• [Task to carry out]
Take the lines from the one with "rectangular glass painted" to the end of the listing, both ends included, and quote them exactly, leaving pictures out.

• [Supplied data]
<<<<

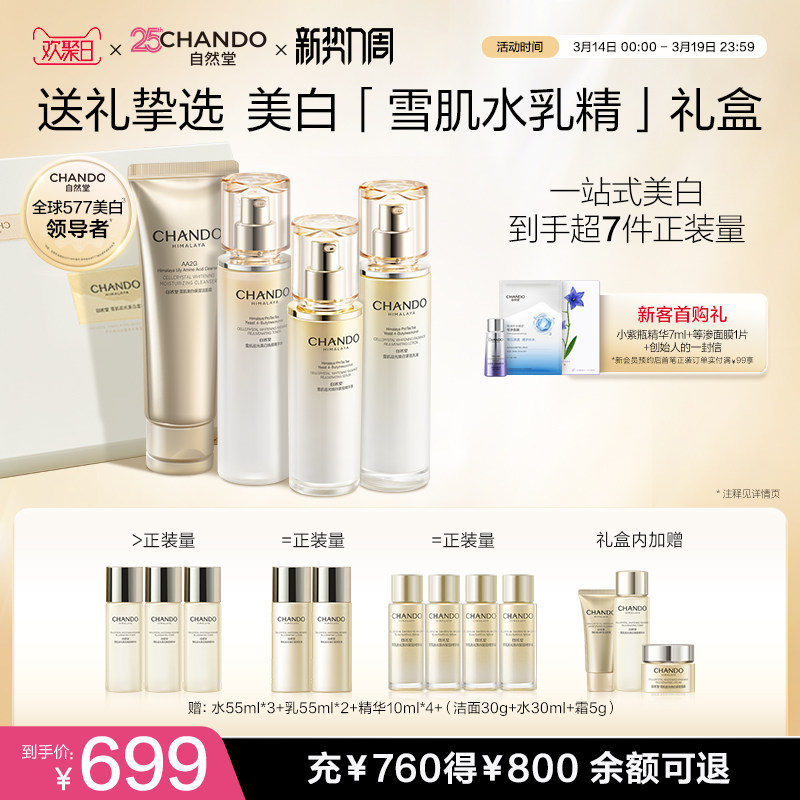 【周翊然同款】自然堂577美白淡斑护肤套装雪肌水乳精减黄提亮
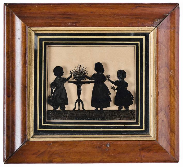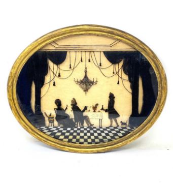 rectangular glass painted with an interior scene of three children arranging flowers in a bowl on a tripod table, titled lower middle, 25.5cm long including rosewood moulded frame; together with another Silhouette picture, in 18th century style, the oval glass painted probably by an amateur hand circa 1900 with a curtained interior scene of a seated lady and gentleman smoking a pipe while a footman brings a decanter accompanied by a cat, 44cm long including giltwood frame (2)
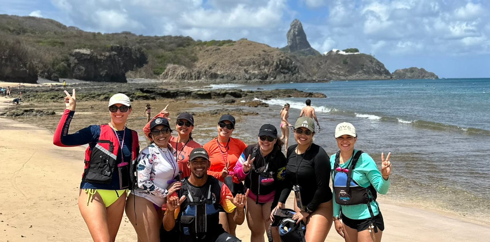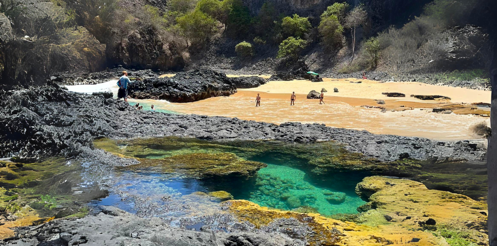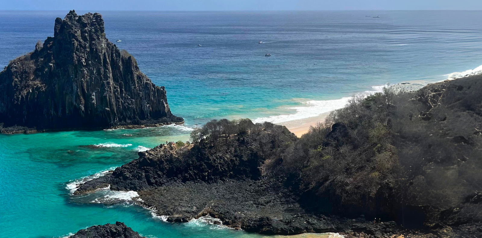 Depois do almoço, fomos para a segunda parte do dia, onde conhecemos a Praia do Sancho (eleita 6x a mais bonita do Brasil) e Cacimba do Padre, que é incrivelmente linda e a queridinha dos surfistas, com ondas de até 7m. Dessa praia, temos uma vista privilegiada do Morro Dois Irmãos. Caminhando no sentido esquerdo da praia, fica o acesso à Baía dos Porcos.
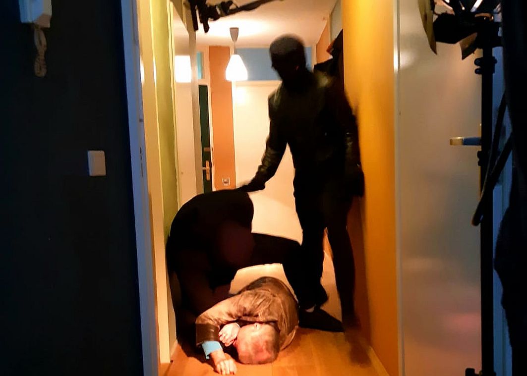 Een foto uit de opnames van de reconstructie van de overval - Foto: Politie

>>>>

• [Response area]
 rectangular glass painted with an interior scene of three children arranging flowers in a bowl on a tripod table, titled lower middle, 25.5cm long including rosewood moulded frame; together with another Silhouette picture, in 18th century style, the oval glass painted probably by an amateur hand circa 1900 with a curtained interior scene of a seated lady and gentleman smoking a pipe while a footman brings a decanter accompanied by a cat, 44cm long including giltwood frame (2)
 Depois do almoço, fomos para a segunda parte do dia, onde conhecemos a Praia do Sancho (eleita 6x a mais bonita do Brasil) e Cacimba do Padre, que é incrivelmente linda e a queridinha dos surfistas, com ondas de até 7m. Dessa praia, temos uma vista privilegiada do Morro Dois Irmãos. Caminhando no sentido esquerdo da praia, fica o acesso à Baía dos Porcos.
 Een foto uit de opnames van de reconstructie van de overval - Foto: Politie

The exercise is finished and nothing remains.